- _Problem details_
Span requested from the data below: the line with "当前位置:琴谱网>吉他弹唱>月亮船" through the line with "根據(jù)國家藥品監(ji", both included. Give only these lines again, exactly, and leave every picture out.

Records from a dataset

● ● ● ● ●

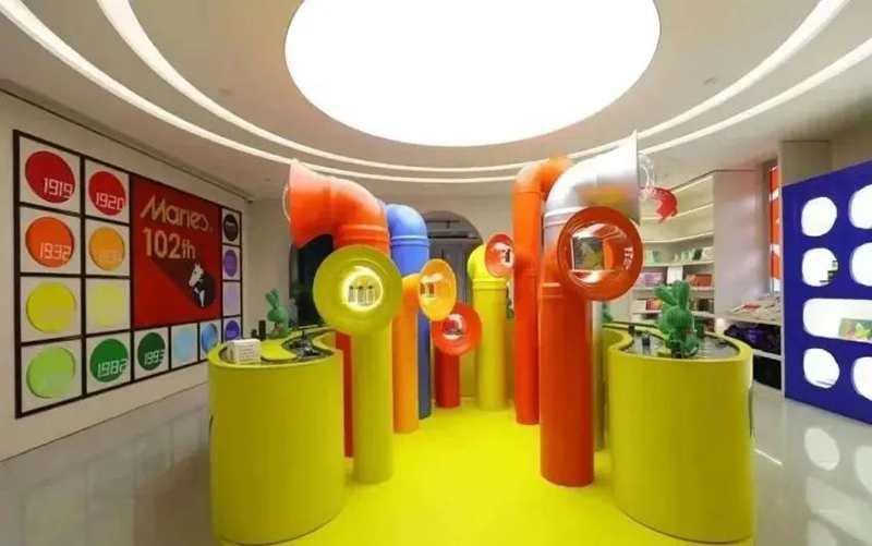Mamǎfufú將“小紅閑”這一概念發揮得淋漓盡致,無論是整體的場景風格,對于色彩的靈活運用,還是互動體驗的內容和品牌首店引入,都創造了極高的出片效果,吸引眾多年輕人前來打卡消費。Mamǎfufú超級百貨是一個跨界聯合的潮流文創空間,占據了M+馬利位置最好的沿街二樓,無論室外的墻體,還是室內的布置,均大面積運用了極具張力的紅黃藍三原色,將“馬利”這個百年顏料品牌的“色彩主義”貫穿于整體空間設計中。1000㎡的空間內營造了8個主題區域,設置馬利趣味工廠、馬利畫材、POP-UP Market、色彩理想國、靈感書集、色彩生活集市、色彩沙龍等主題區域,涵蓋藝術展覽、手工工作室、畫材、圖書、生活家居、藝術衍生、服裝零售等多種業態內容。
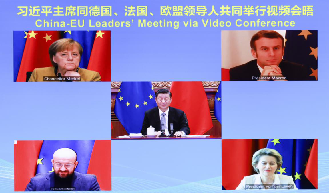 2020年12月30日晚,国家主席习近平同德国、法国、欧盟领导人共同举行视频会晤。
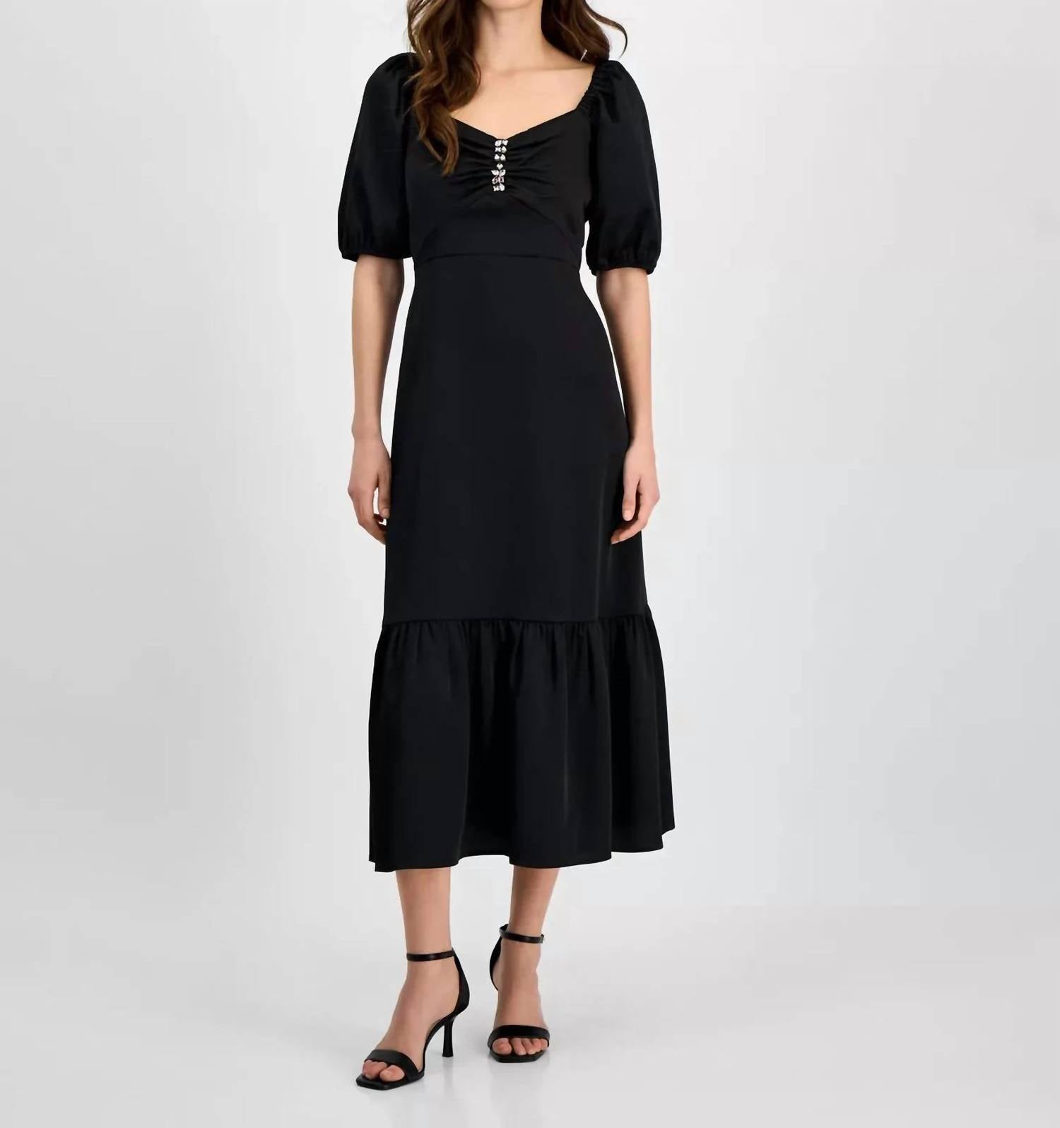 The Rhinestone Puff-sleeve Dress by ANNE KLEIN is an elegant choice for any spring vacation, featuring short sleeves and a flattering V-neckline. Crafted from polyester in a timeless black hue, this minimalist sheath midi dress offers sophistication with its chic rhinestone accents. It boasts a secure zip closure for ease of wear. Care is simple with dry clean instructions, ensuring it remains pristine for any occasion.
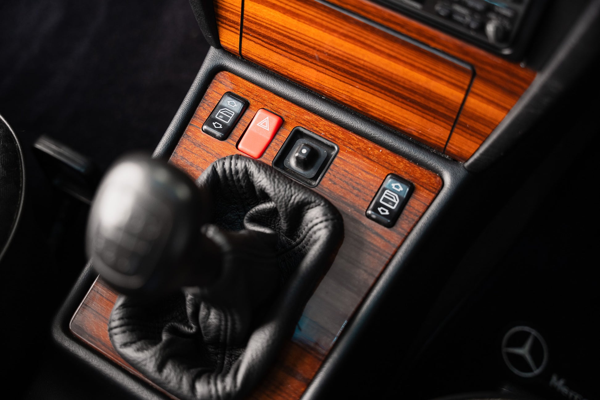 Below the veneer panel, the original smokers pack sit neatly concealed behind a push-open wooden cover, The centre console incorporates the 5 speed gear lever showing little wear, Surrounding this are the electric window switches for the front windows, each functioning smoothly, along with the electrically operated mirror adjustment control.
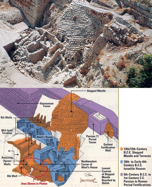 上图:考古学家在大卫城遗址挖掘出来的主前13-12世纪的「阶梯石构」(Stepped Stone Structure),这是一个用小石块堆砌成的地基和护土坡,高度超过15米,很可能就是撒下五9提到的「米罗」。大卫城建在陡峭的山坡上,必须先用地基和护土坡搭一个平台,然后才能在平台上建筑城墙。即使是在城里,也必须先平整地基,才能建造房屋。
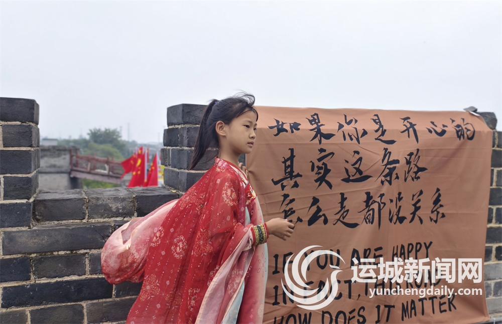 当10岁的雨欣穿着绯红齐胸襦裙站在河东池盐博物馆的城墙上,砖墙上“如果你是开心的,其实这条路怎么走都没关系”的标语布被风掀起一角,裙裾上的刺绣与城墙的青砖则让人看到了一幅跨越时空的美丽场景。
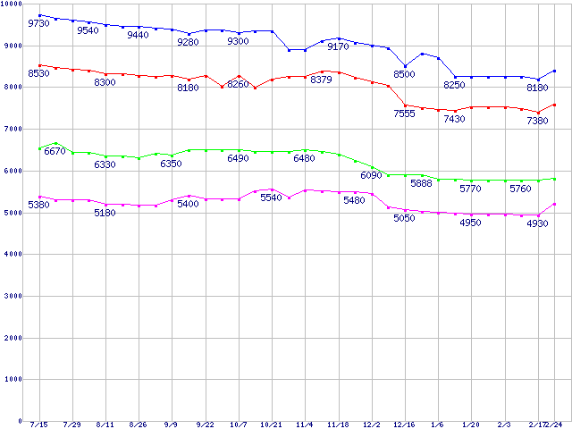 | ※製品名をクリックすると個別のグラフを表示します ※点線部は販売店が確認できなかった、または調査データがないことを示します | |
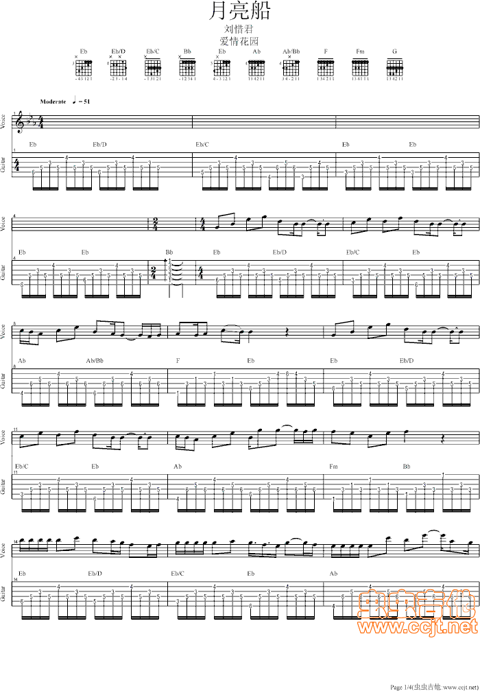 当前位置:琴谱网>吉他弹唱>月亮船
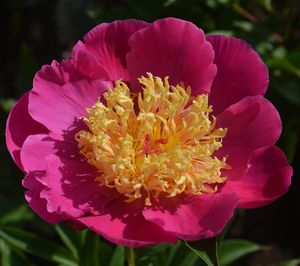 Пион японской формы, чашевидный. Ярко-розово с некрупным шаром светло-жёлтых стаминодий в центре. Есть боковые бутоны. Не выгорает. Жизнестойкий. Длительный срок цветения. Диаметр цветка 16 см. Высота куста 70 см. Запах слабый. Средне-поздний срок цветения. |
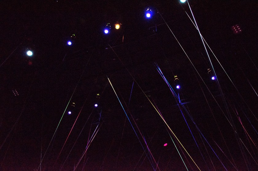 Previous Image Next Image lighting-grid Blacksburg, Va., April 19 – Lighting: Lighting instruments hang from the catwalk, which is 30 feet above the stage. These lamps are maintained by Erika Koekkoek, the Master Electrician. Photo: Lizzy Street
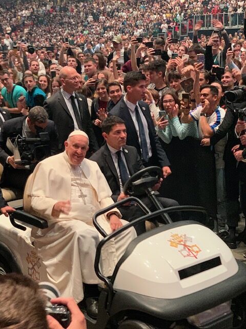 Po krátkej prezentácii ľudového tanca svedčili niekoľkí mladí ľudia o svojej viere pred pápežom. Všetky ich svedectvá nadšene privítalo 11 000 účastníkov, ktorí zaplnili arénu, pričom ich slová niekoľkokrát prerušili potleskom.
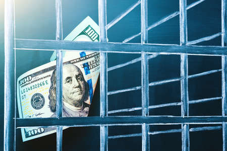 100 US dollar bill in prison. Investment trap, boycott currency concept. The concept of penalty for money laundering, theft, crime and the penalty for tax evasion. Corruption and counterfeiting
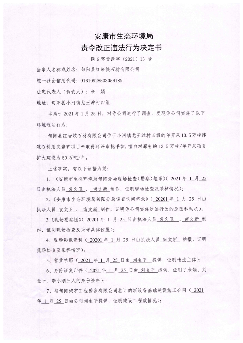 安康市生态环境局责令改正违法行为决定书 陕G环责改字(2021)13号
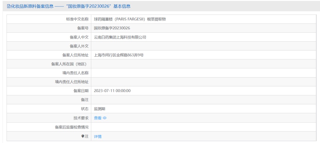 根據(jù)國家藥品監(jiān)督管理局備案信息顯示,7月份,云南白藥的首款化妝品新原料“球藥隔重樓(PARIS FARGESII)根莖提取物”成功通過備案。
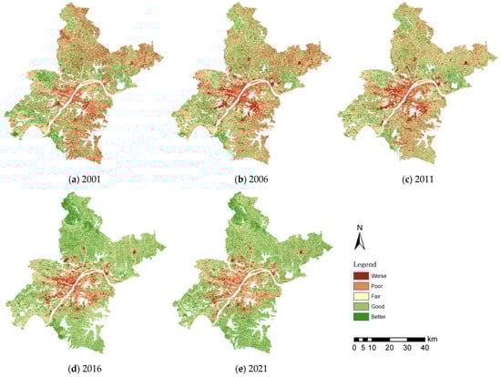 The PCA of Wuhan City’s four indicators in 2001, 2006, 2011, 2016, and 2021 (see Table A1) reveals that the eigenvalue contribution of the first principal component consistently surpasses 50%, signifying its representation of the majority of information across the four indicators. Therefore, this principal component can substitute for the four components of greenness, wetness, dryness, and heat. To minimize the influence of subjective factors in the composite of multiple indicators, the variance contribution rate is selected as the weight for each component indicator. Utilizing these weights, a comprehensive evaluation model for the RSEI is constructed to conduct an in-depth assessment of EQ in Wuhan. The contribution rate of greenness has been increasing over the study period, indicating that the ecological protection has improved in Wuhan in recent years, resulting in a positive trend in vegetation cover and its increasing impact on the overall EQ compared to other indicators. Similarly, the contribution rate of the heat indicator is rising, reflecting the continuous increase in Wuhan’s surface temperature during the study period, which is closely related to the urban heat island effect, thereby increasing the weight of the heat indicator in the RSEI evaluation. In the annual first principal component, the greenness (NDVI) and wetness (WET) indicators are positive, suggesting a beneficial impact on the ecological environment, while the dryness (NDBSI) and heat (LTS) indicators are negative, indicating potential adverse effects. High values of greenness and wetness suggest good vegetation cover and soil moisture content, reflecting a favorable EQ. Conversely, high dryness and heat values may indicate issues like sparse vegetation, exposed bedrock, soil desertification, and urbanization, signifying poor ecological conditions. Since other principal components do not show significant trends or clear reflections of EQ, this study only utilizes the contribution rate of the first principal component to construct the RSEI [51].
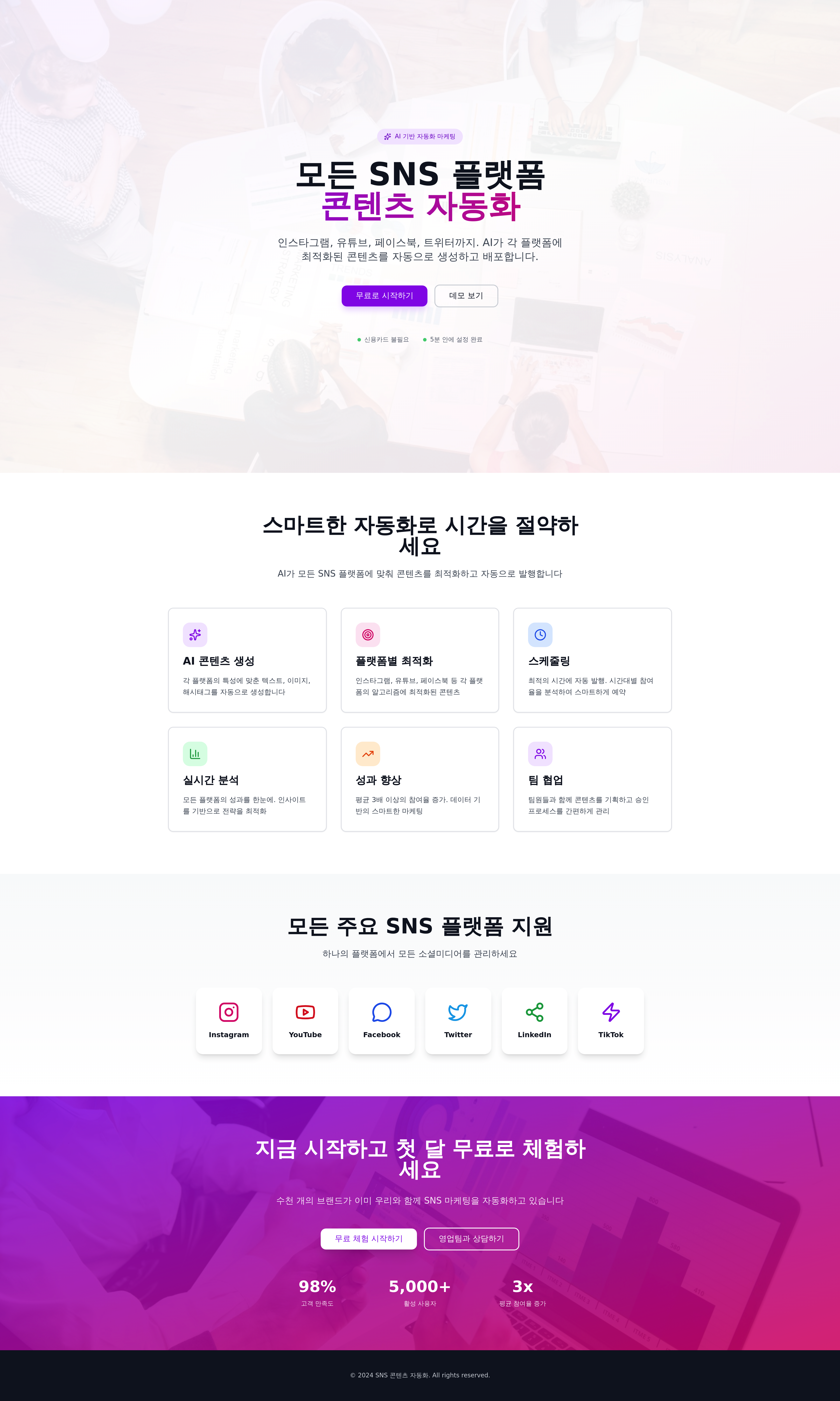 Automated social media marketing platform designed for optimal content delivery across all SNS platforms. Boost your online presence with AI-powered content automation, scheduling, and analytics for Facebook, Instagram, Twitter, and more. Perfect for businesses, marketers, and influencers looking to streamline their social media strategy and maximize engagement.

● ● ● ● ●

- _Response_
 当前位置:琴谱网>吉他弹唱>月亮船
 Пион японской формы, чашевидный. Ярко-розово с некрупным шаром светло-жёлтых стаминодий в центре. Есть боковые бутоны. Не выгорает. Жизнестойкий. Длительный срок цветения. Диаметр цветка 16 см. Высота куста 70 см. Запах слабый. Средне-поздний срок цветения. |
 Previous Image Next Image lighting-grid Blacksburg, Va., April 19 – Lighting: Lighting instruments hang from the catwalk, which is 30 feet above the stage. These lamps are maintained by Erika Koekkoek, the Master Electrician. Photo: Lizzy Street
 Po krátkej prezentácii ľudového tanca svedčili niekoľkí mladí ľudia o svojej viere pred pápežom. Všetky ich svedectvá nadšene privítalo 11 000 účastníkov, ktorí zaplnili arénu, pričom ich slová niekoľkokrát prerušili potleskom.
 100 US dollar bill in prison. Investment trap, boycott currency concept. The concept of penalty for money laundering, theft, crime and the penalty for tax evasion. Corruption and counterfeiting
 安康市生态环境局责令改正违法行为决定书 陕G环责改字(2021)13号
 根據(jù)國家藥品監(jiān)督管理局備案信息顯示,7月份,云南白藥的首款化妝品新原料“球藥隔重樓(PARIS FARGESII)根莖提取物”成功通過備案。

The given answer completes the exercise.